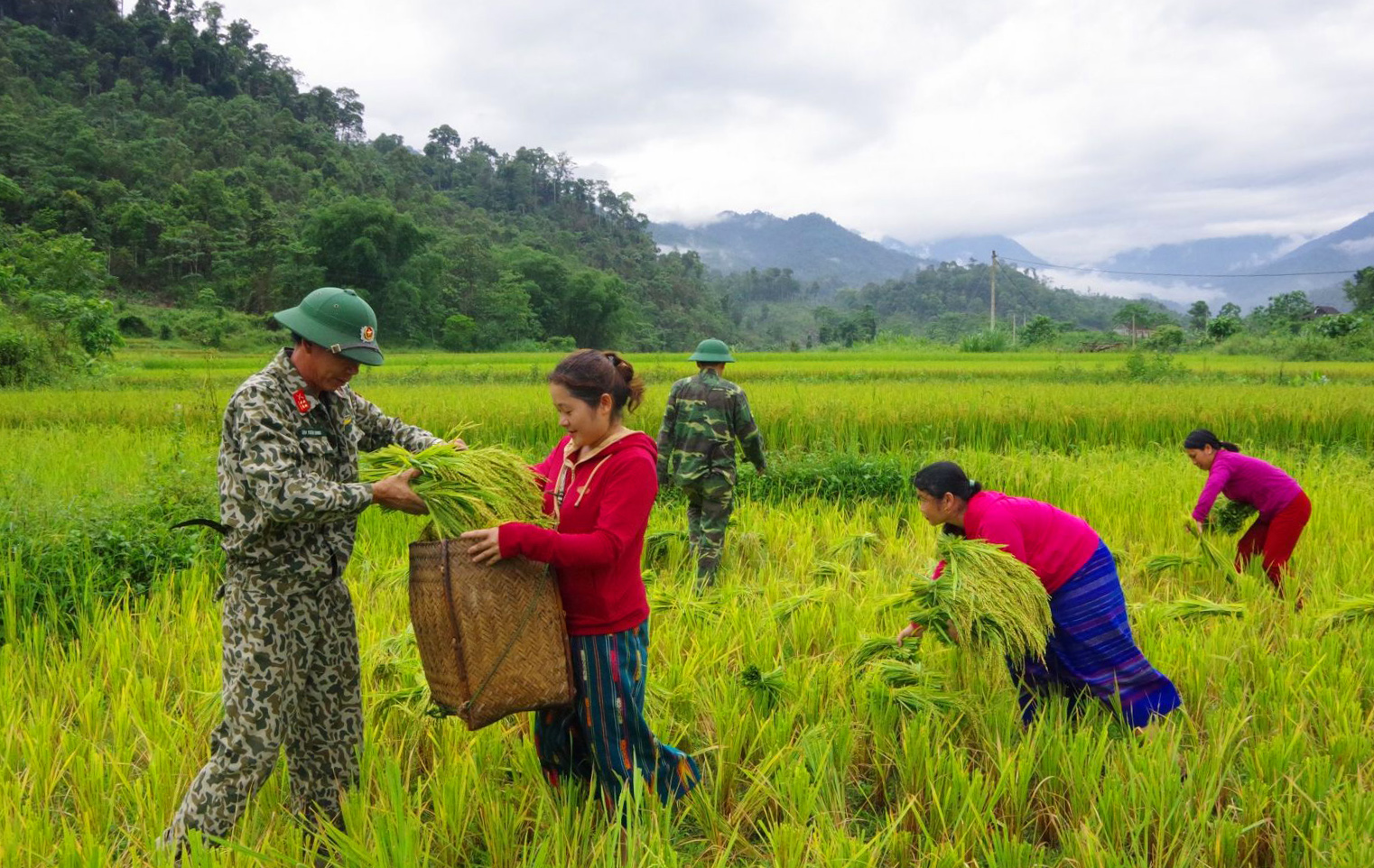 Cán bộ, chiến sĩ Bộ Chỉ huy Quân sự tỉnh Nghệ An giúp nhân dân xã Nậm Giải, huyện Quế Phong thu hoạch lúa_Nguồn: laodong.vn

..............................

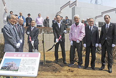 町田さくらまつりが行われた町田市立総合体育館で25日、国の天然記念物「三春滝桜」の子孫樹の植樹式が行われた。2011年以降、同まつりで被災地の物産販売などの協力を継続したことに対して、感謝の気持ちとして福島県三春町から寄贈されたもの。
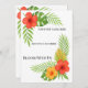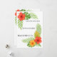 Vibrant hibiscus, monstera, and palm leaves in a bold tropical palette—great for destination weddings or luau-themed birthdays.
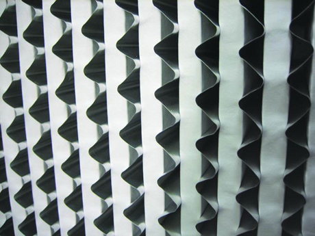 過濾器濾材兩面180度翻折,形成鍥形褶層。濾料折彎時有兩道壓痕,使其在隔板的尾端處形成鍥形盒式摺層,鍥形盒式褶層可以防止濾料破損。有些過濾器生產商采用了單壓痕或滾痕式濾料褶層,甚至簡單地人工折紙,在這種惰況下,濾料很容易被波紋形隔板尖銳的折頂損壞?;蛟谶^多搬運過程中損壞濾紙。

..............................

→ PROBLEM REQUIREMENTS
Your reply should consist solely of the lines above from the line containing "町田さくらまつりが行われた町" up to and including the line containing "過濾器濾材兩面180度翻折,形成鍥形褶層", reproduced exactly, minus the pictures.

→ YOUR SOLUTION
 町田さくらまつりが行われた町田市立総合体育館で25日、国の天然記念物「三春滝桜」の子孫樹の植樹式が行われた。2011年以降、同まつりで被災地の物産販売などの協力を継続したことに対して、感謝の気持ちとして福島県三春町から寄贈されたもの。
 Vibrant hibiscus, monstera, and palm leaves in a bold tropical palette—great for destination weddings or luau-themed birthdays.
 過濾器濾材兩面180度翻折,形成鍥形褶層。濾料折彎時有兩道壓痕,使其在隔板的尾端處形成鍥形盒式摺層,鍥形盒式褶層可以防止濾料破損。有些過濾器生產商采用了單壓痕或滾痕式濾料褶層,甚至簡單地人工折紙,在這種惰況下,濾料很容易被波紋形隔板尖銳的折頂損壞?;蛟谶^多搬運過程中損壞濾紙。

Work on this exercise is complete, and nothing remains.